Print each record exactly as it appears, but drop the images.

Stored items from a collection
════════════════════

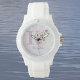 I was pleasantly surprised by the good quality of this watch. It's an easy size to wear on a small wrist and both the band and the watch are well made. I also liked the translucent case the watch is packaged in. The printing is crisp and clear and shows off my Create With Photos oyster flower design well.
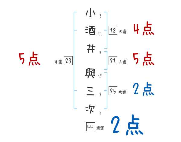 小酒井與三次さんの画数の鑑定結果
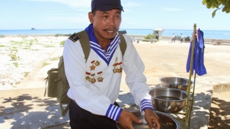 (VOVworld)-离开东长沙近30年了,但老兵陈文出仍时刻想念着长沙群岛中的这座岛屿。在东长沙度过的青春岁月,留下了他与亲爱的战友们的许多记忆。因此,退伍多年后,陈文出决定在自家的院子里建仿制的东长沙岛主权碑,向当地居民和学生、游客宣传祖国神圣的海洋海岛主权。这也是他与分开已久的战友们重新联系的方式。
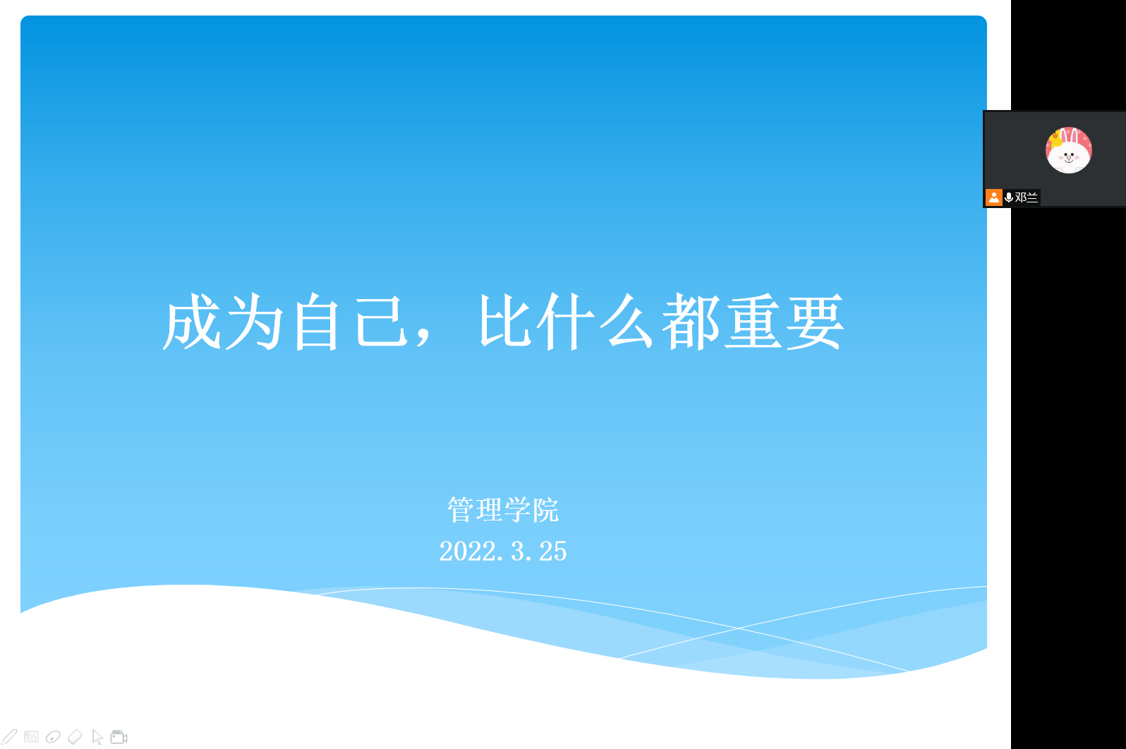 为引导beat365官网学生善待自我、关爱自我,并以发自内心的爱与和谐来善待、关爱他人及社会,共同构建“美好纺大”,3月25日晚上6点,学院面向“阳光心语”工作站成员及学院全体心理委员,利用腾讯会议开展主题为“成为自己,比什么都重要”的心理健康教育讲座,讲座由2021级辅导员邓兰老师主讲。
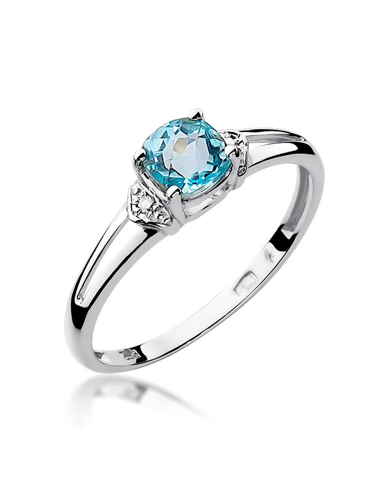 Urokliwy pierścionek z białego złota z błękitnym topazem i lśniącymi brylantami.
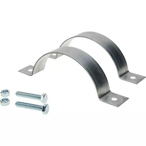 Bolt these around any industrial dust collection duct and attach a piece of metal conduit with flattened and drilled ends (not included) for additional support from a wall or ceiling. Comes with screws and bolts.
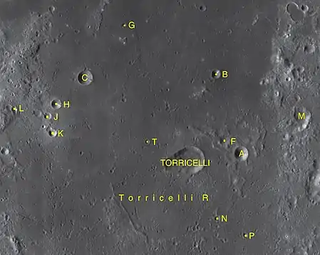 Por convención estos elementos son identificados en los mapas lunares poniendo la letra en el lado del punto medio del cráter que está más cercano a Torricelli.
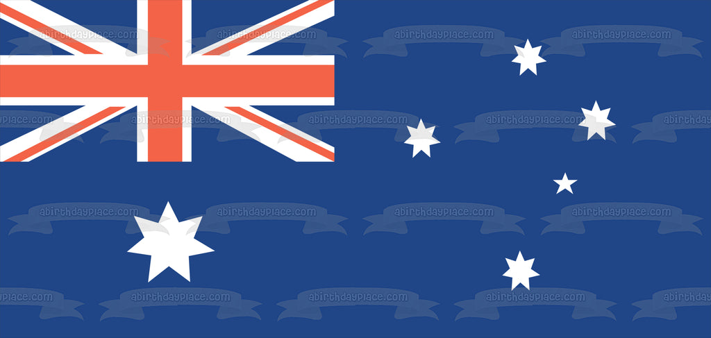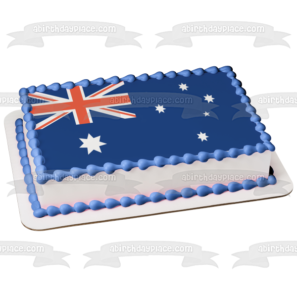 Decorate your Cake with this Flag of Australia themed Edible Cake Topper Image featuring the Red stands for St George's Cross of England, the White diagonal stands for St Andrew's Cross of Scotland and the Red diagonal symbolizes St Patrick's Cross of Ireland!
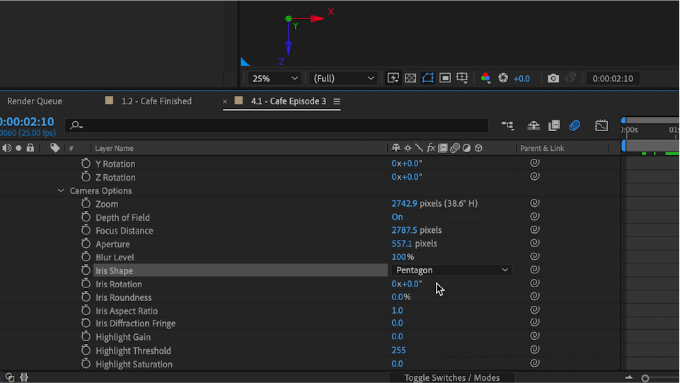 To further match the look of the footage to your objects, open the Camera Options drop-down under the transform parameters in the Layers tab. This lets you dive into all the settings of an actual camera, which you can adjust to make the nametags really blend into the scene.
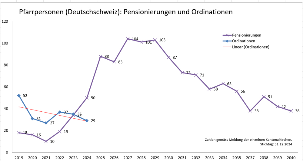 Die reformierte Landeskirche steht am Beginn einer grossen Pensionierungswelle der Babyboomer-Generation. Zwischen 2027 und 2030 werden jährlich etwa 100 Pfarrpersonen in den Ruhestand gehen. Ab 2040 wird die Zahl der Pensionierungen und Ordinationen bei etwa 30 pro Jahr liegen. Der Grossteil der Pensionierungen betrifft Männer in Vollzeitstellen, was den steigenden Frauenanteil im Pfarrberuf erklärt.
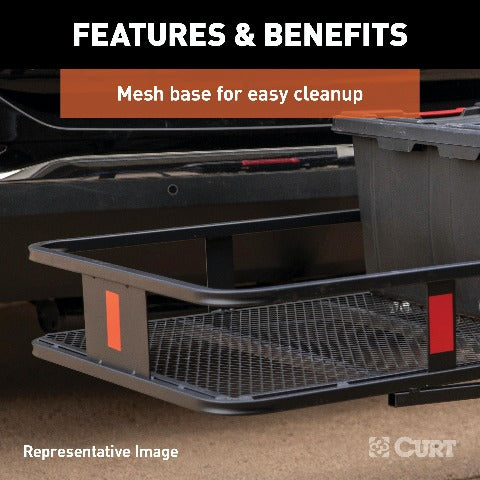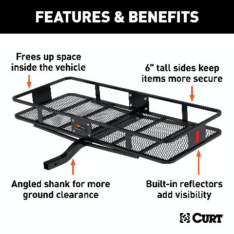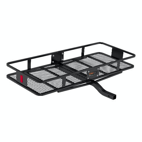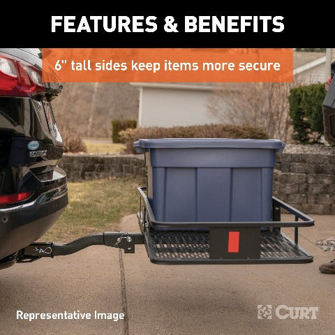 Even with the roomiest of vehicles, packing the car for a long trip can quickly turn into a frustrating game of Tetris. CURT cargo carriers are a simple yet effective solution for maximizing the storage area of your vehicle. The advantage of a hitch-mounted cargo carrier is that it can be mounted on the rear or front end of the vehicle as long as the vehicle is properly equipped with the right receiver hitch. Mounting a cargo carrier in the front opens up the rear receiver hitch for towing a trailer or adding a second carrier or bike rack if needed. The hitch-mounted design also makes installation quick and easy. CURT basket cargo carriers feature a strong bolt-together design and are made with heavy-duty carbide steel and a tubular construction for increased strength. One of the advantages of the basket style is its 6 high sides. These provide extra security and peace of mind during travel. This particular basket cargo carrier features a 2 x 2 bent shank to provide more ground clearance, and it comes with a strong mesh platform to keep items more secure. It can accept up 500 lbs. of cargo and has a durable black powder coat finish to resist rust, scratches and UV damage. Whether you prefer the hitch-mounted carrier or the roof rack option, CURT has cargo management solutions to meet your needs.
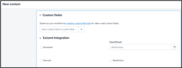 - In your Clio matter, ensure the related contacts are using the custom fields to flag if each contact is the deceased, executor or beneficiary:
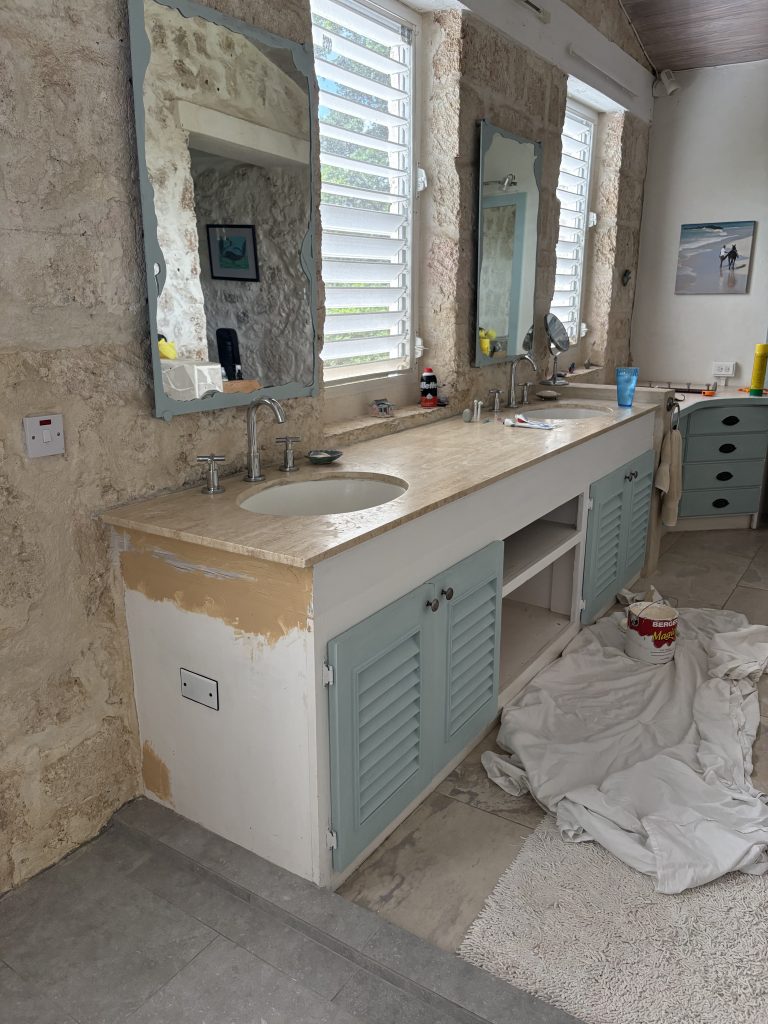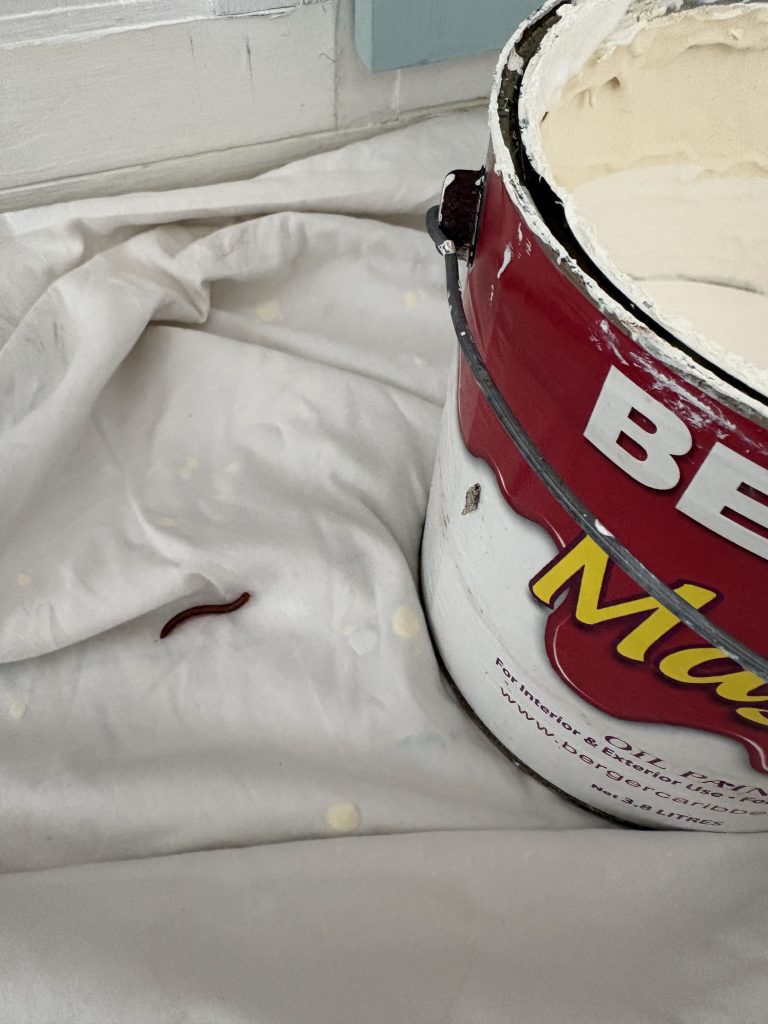 It’s been a long time coming and no, we have not been keeping our progress hidden. Finally we are on the homestretch to finish the ensuite. We are at the final wash up stage. The new cupboard doors and the refurbished drawers have highlighted the off white paint work and so a touch up has been on the pending list. We understandably just did not have time to do it with all the wedding shenanigans back in October. So today it got to the top of our to do list.
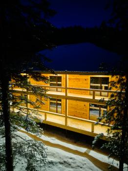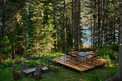 Панорамные окна и огромная терраса позволит насладиться видом на хвойный лес и озеро.

════════════════════

Exercise response -
 I was pleasantly surprised by the good quality of this watch. It's an easy size to wear on a small wrist and both the band and the watch are well made. I also liked the translucent case the watch is packaged in. The printing is crisp and clear and shows off my Create With Photos oyster flower design well.
 小酒井與三次さんの画数の鑑定結果
 (VOVworld)-离开东长沙近30年了,但老兵陈文出仍时刻想念着长沙群岛中的这座岛屿。在东长沙度过的青春岁月,留下了他与亲爱的战友们的许多记忆。因此,退伍多年后,陈文出决定在自家的院子里建仿制的东长沙岛主权碑,向当地居民和学生、游客宣传祖国神圣的海洋海岛主权。这也是他与分开已久的战友们重新联系的方式。
 为引导beat365官网学生善待自我、关爱自我,并以发自内心的爱与和谐来善待、关爱他人及社会,共同构建“美好纺大”,3月25日晚上6点,学院面向“阳光心语”工作站成员及学院全体心理委员,利用腾讯会议开展主题为“成为自己,比什么都重要”的心理健康教育讲座,讲座由2021级辅导员邓兰老师主讲。
 Urokliwy pierścionek z białego złota z błękitnym topazem i lśniącymi brylantami.
 Bolt these around any industrial dust collection duct and attach a piece of metal conduit with flattened and drilled ends (not included) for additional support from a wall or ceiling. Comes with screws and bolts.
 Por convención estos elementos son identificados en los mapas lunares poniendo la letra en el lado del punto medio del cráter que está más cercano a Torricelli.
 Decorate your Cake with this Flag of Australia themed Edible Cake Topper Image featuring the Red stands for St George's Cross of England, the White diagonal stands for St Andrew's Cross of Scotland and the Red diagonal symbolizes St Patrick's Cross of Ireland!
 To further match the look of the footage to your objects, open the Camera Options drop-down under the transform parameters in the Layers tab. This lets you dive into all the settings of an actual camera, which you can adjust to make the nametags really blend into the scene.
 Die reformierte Landeskirche steht am Beginn einer grossen Pensionierungswelle der Babyboomer-Generation. Zwischen 2027 und 2030 werden jährlich etwa 100 Pfarrpersonen in den Ruhestand gehen. Ab 2040 wird die Zahl der Pensionierungen und Ordinationen bei etwa 30 pro Jahr liegen. Der Grossteil der Pensionierungen betrifft Männer in Vollzeitstellen, was den steigenden Frauenanteil im Pfarrberuf erklärt.
 Even with the roomiest of vehicles, packing the car for a long trip can quickly turn into a frustrating game of Tetris. CURT cargo carriers are a simple yet effective solution for maximizing the storage area of your vehicle. The advantage of a hitch-mounted cargo carrier is that it can be mounted on the rear or front end of the vehicle as long as the vehicle is properly equipped with the right receiver hitch. Mounting a cargo carrier in the front opens up the rear receiver hitch for towing a trailer or adding a second carrier or bike rack if needed. The hitch-mounted design also makes installation quick and easy. CURT basket cargo carriers feature a strong bolt-together design and are made with heavy-duty carbide steel and a tubular construction for increased strength. One of the advantages of the basket style is its 6 high sides. These provide extra security and peace of mind during travel. This particular basket cargo carrier features a 2 x 2 bent shank to provide more ground clearance, and it comes with a strong mesh platform to keep items more secure. It can accept up 500 lbs. of cargo and has a durable black powder coat finish to resist rust, scratches and UV damage. Whether you prefer the hitch-mounted carrier or the roof rack option, CURT has cargo management solutions to meet your needs.
 - In your Clio matter, ensure the related contacts are using the custom fields to flag if each contact is the deceased, executor or beneficiary:
 It’s been a long time coming and no, we have not been keeping our progress hidden. Finally we are on the homestretch to finish the ensuite. We are at the final wash up stage. The new cupboard doors and the refurbished drawers have highlighted the off white paint work and so a touch up has been on the pending list. We understandably just did not have time to do it with all the wedding shenanigans back in October. So today it got to the top of our to do list.
 Панорамные окна и огромная терраса позволит насладиться видом на хвойный лес и озеро.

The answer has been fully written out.